RewriteCond %{HTTP_USER_AGENT} ^Mozzilla* [OR]
RewriteCond %{HTTP_USER_AGENT} almaden [OR]
RewriteCond %{HTTP_USER_AGENT} ^Anarchie [OR]
RewriteCond %{HTTP_USER_AGENT} ^ASPSeek [OR]
RewriteCond %{HTTP_USER_AGENT} ^attach [OR]
RewriteCond %{HTTP_USER_AGENT} ^BackWeb [OR]
RewriteCond %{HTTP_USER_AGENT} ^Bandit [OR]
RewriteCond %{HTTP_USER_AGENT} ^BatchFTP [OR]
RewriteCond %{HTTP_USER_AGENT} ^BlackWidow [OR]
RewriteCond %{HTTP_USER_AGENT} bot [NC,OR]
RewriteCond %{HTTP_USER_AGENT} ^Buddy [OR]
RewriteCond %{HTTP_USER_AGENT} ^bumblebee [OR]
RewriteCond %{HTTP_USER_AGENT} ^CherryPicker [OR]
RewriteCond %{HTTP_USER_AGENT} ^ChinaClaw [OR]
RewriteCond %{HTTP_USER_AGENT} ^CICC [OR]
RewriteCond %{HTTP_USER_AGENT} ^Collector [OR]
RewriteCond %{HTTP_USER_AGENT} copier [NC,OR]
RewriteCond %{HTTP_USER_AGENT} ^Crescent [OR]
RewriteCond %{HTTP_USER_AGENT} ^DA [OR]
RewriteCond %{HTTP_USER_AGENT} ^DISCo [OR]

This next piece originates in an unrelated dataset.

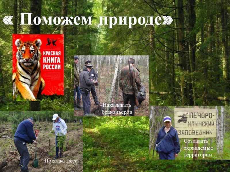 « Поможем природе»Посадка лесаНаказывать браконьеровСоздавать охраняемые территории

RewriteCond %{HTTP_USER_AGENT} download [NC,OR]
RewriteCond %{HTTP_USER_AGENT} ^Drip [OR]
RewriteCond %{HTTP_USER_AGENT} ^DSurf15a [OR]
RewriteCond %{HTTP_USER_AGENT} ^eCatch [OR]
RewriteCond %{HTTP_USER_AGENT} ^EasyDL/2.99 [OR]
RewriteCond %{HTTP_USER_AGENT} email [NC,OR]
RewriteCond %{HTTP_USER_AGENT} ^Express\ WebPictures [OR]
RewriteCond %{HTTP_USER_AGENT} ^ExtractorPro [OR]
RewriteCond %{HTTP_USER_AGENT} ^EyeNetIE [OR]
RewriteCond %{HTTP_USER_AGENT} ^FileHound [OR]
RewriteCond %{HTTP_USER_AGENT} ^FlashGet [OR]
RewriteCond %{HTTP_USER_AGENT} ^GetRight [OR]
RewriteCond %{HTTP_USER_AGENT} ^GetSmart [OR]
RewriteCond %{HTTP_USER_AGENT} ^gigabaz [OR]
RewriteCond %{HTTP_USER_AGENT} ^Go!Zilla [OR]
RewriteCond %{HTTP_USER_AGENT} ^Go-Ahead-Got-It [OR]
RewriteCond %{HTTP_USER_AGENT} ^gotit [OR]
RewriteCond %{HTTP_USER_AGENT} grab [NC,OR]
RewriteCond %{HTTP_USER_AGENT} ^Grafula [OR]
RewriteCond %{HTTP_USER_AGENT} ^grub-client [OR]
RewriteCond %{HTTP_USER_AGENT} ^HMView [OR]
RewriteCond %{HTTP_USER_AGENT} ^HTTrack [OR]
RewriteCond %{HTTP_USER_AGENT} ^httpdown [OR]
RewriteCond %{HTTP_USER_AGENT} .*httrack.* [NC,OR]
RewriteCond %{HTTP_USER_AGENT} ^ia_archiver [OR]
RewriteCond %{HTTP_USER_AGENT} ^Image\ Stripper [OR]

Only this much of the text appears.